Nuyina is an icebreaking research and supply vessel intended to support Australian scientific activities and research bases in Antarctica. Capable of deploying a wide range of vehicles, including helicopters, landing barges and amphibious trucks to support the resupply operation, the new ship provides a modern platform for marine science research in both sea ice and open water with a large moon pool for launching and retrieving sampling equipment and remotely operated vehicles.

Design and construction
The original concept was developed by the Danish engineering company Knud E Hansen, and the design and construction is being managed by the Dutch Damen Group, which built the vessel in its Romania yard.

Following contractual agreement on 28 April 2016 with DMS Maritime for delivery, operation and maintenance, the ship's design and construction was contracted to Damen Group. Design was contracted to naval architects Knud E Hansen of Denmark. The keel laying was in August 2017 at Damen's Galați shipyard in Romania. Coins from Denmark, Netherlands, Romania, and Australia, were welded to the keel as part of the keel laying. , about 7,000 tons out of 10,000 had been cut and the base of the hull had been completed. In September 2018 the hull was successfully floated in the building dock and taken to the outfitting quay.
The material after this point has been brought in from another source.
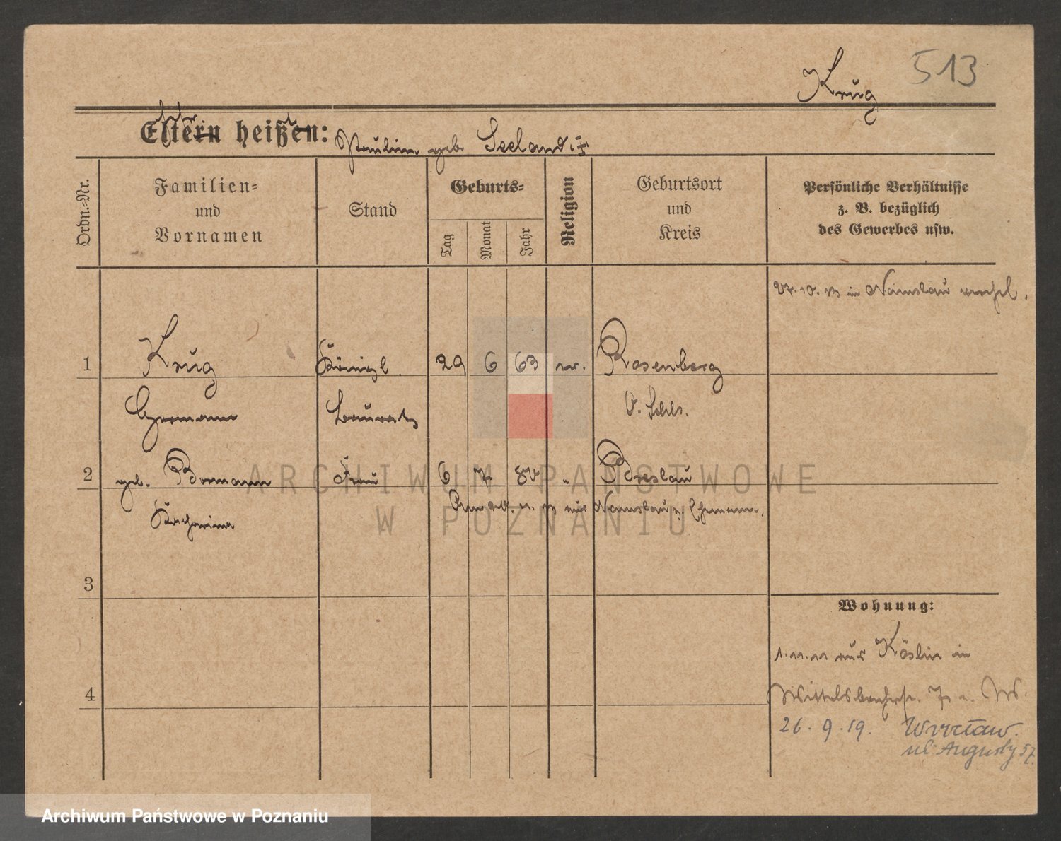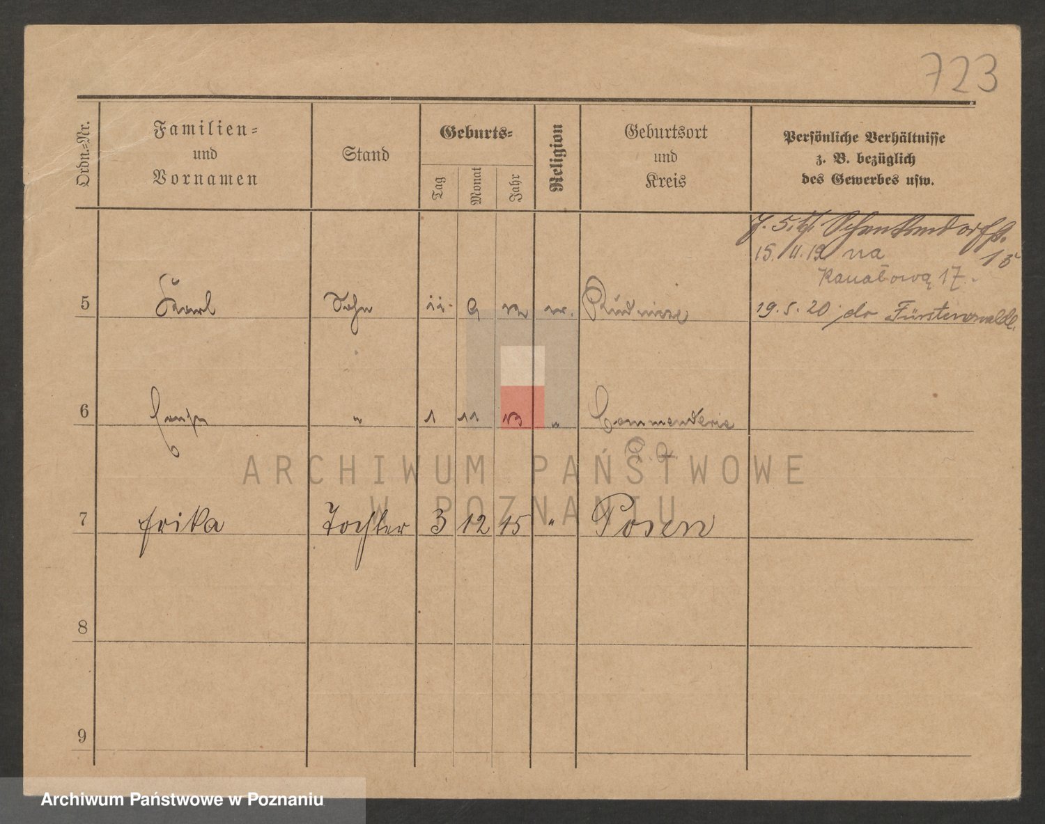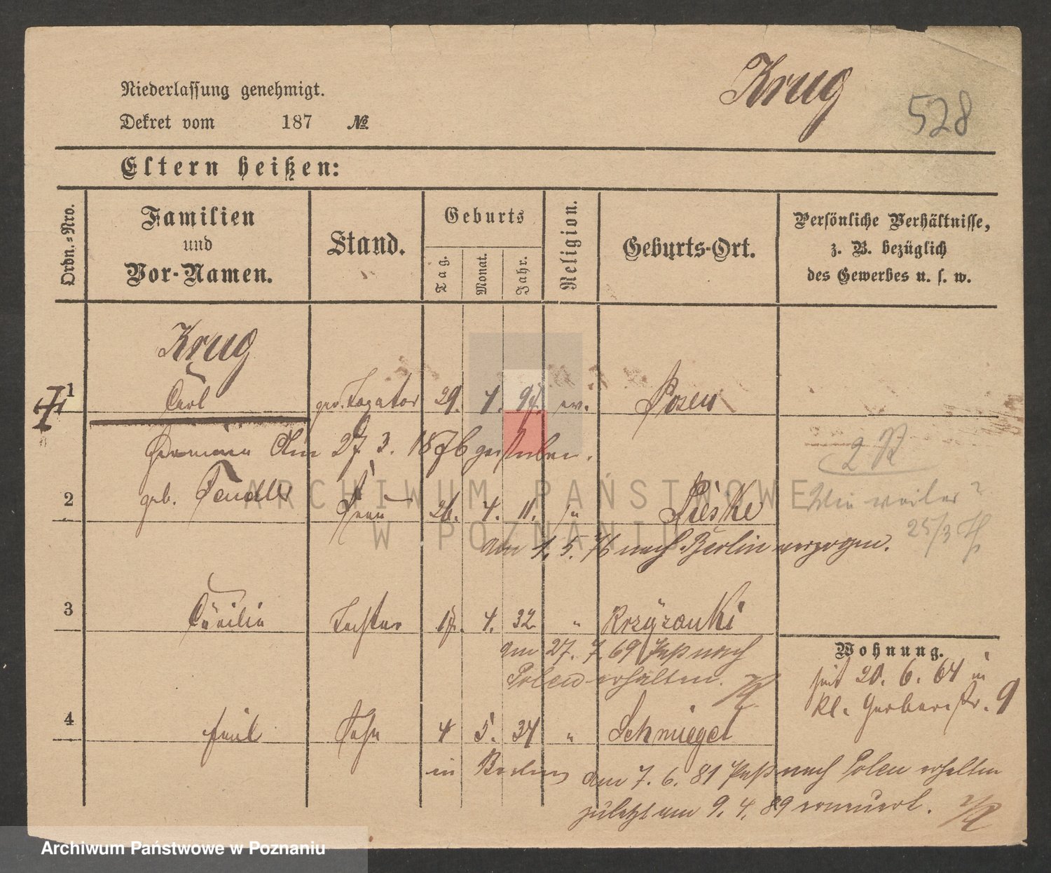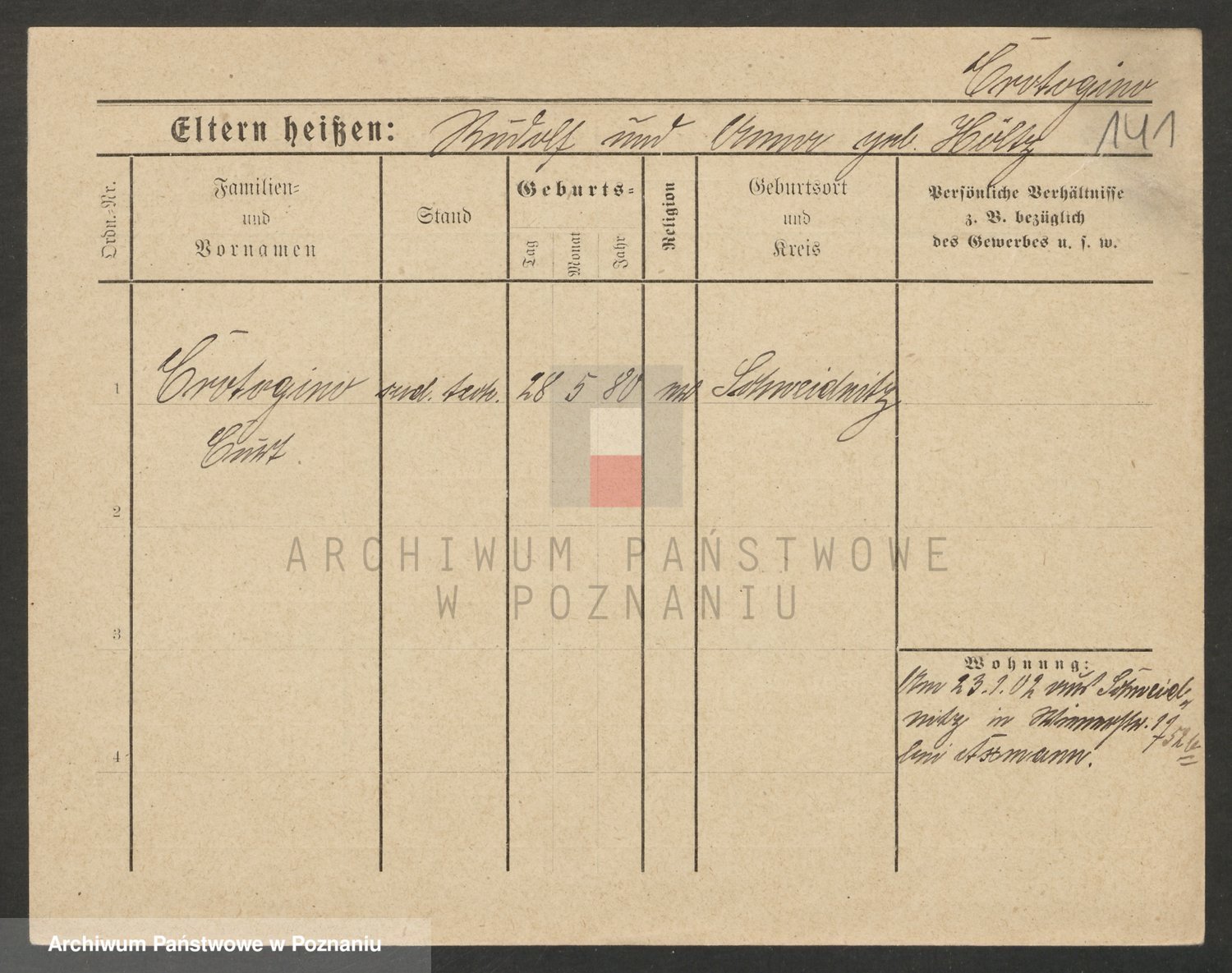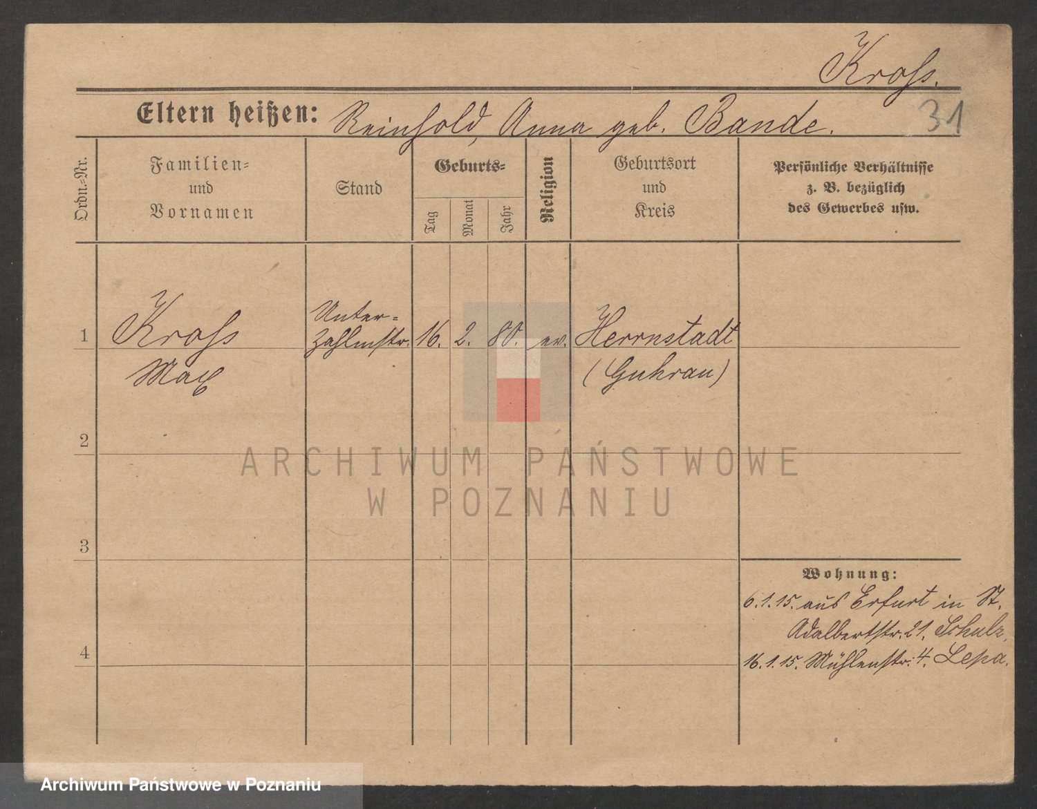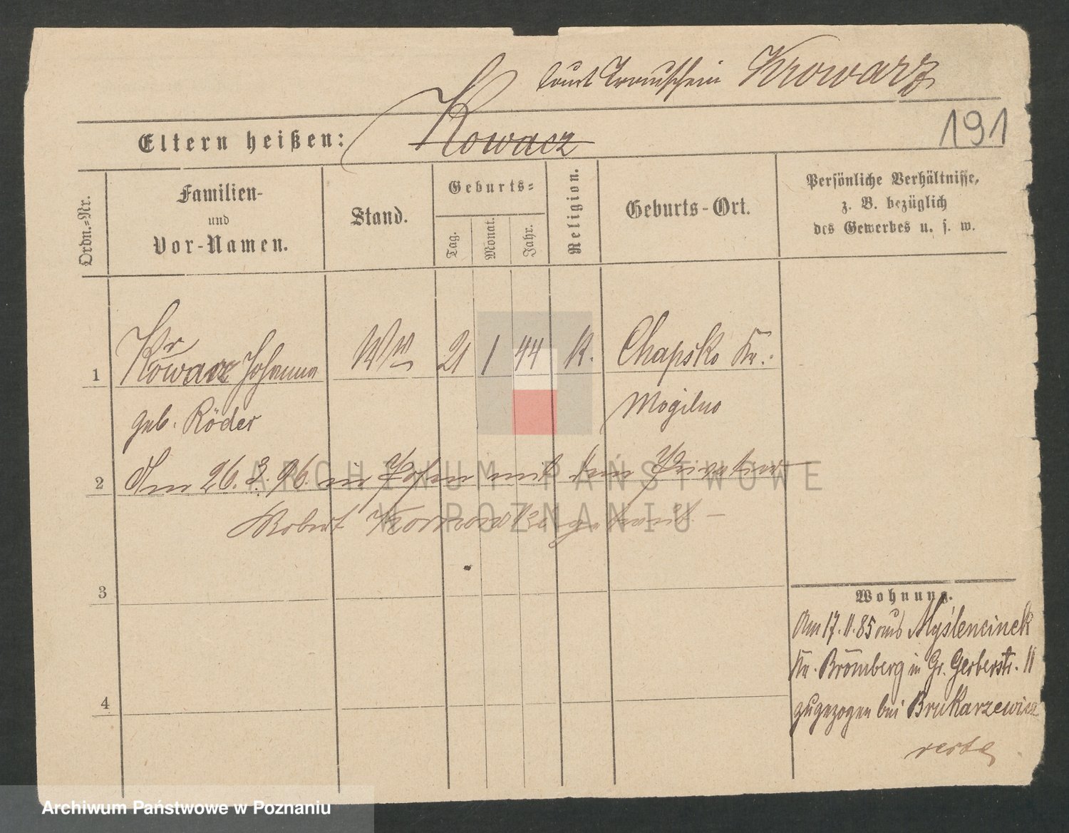 Podgląd karty osobowej dostępny jest po kliknięciu na nazwisko lub ikonkę karty. Można dokonywać powiększenia (ikony na górze) lub przechodzić między kolejnymi skanami (strzałki po bokach).

It was then towed to Vlissingen in the Netherlands for fitting out.

The vessel was handed over on 19 August 2021, and by September travelled from the Netherlands to Australia.

RSV Nuyina's Ship's Bell 
The bell for the Bridge of RSV Nuyina was presented by the President of the ANARE Club at the ship’s official launch on 18 December 2021. It was manufactured in Maryborough, Queensland, by Olds Engineering, from AS1567 - C92610 commonly referred to as G1 or ‘Admiralty gunmetal’ (88% copper, 10% tin, 2% zinc, supplied by Hayes Metals of New Zealand & Australia).

The bell was engraved in Bendigo, Victoria, by National Engraving, and the bell’s lanyard was made by Dr Barbara Frankel from Tasmania. The whole project, from metal, manufacture, engraving and knotting, was donated by those involved as a gift to the Australian Antarctic Division for RSV Nuyina.

Naming
On 29 September 2017, the name Nuyina (pronounced "noy-yee-nah") was announced by the Minister for the Environment, Josh Frydenberg. The name is the word in the palawa kani language of Aboriginal Tasmanians for the southern lights. The name was suggested by school students in a competition, and is jointly attributed to students from St Virgil's College, Hobart and Secret Harbour Primary School, Perth.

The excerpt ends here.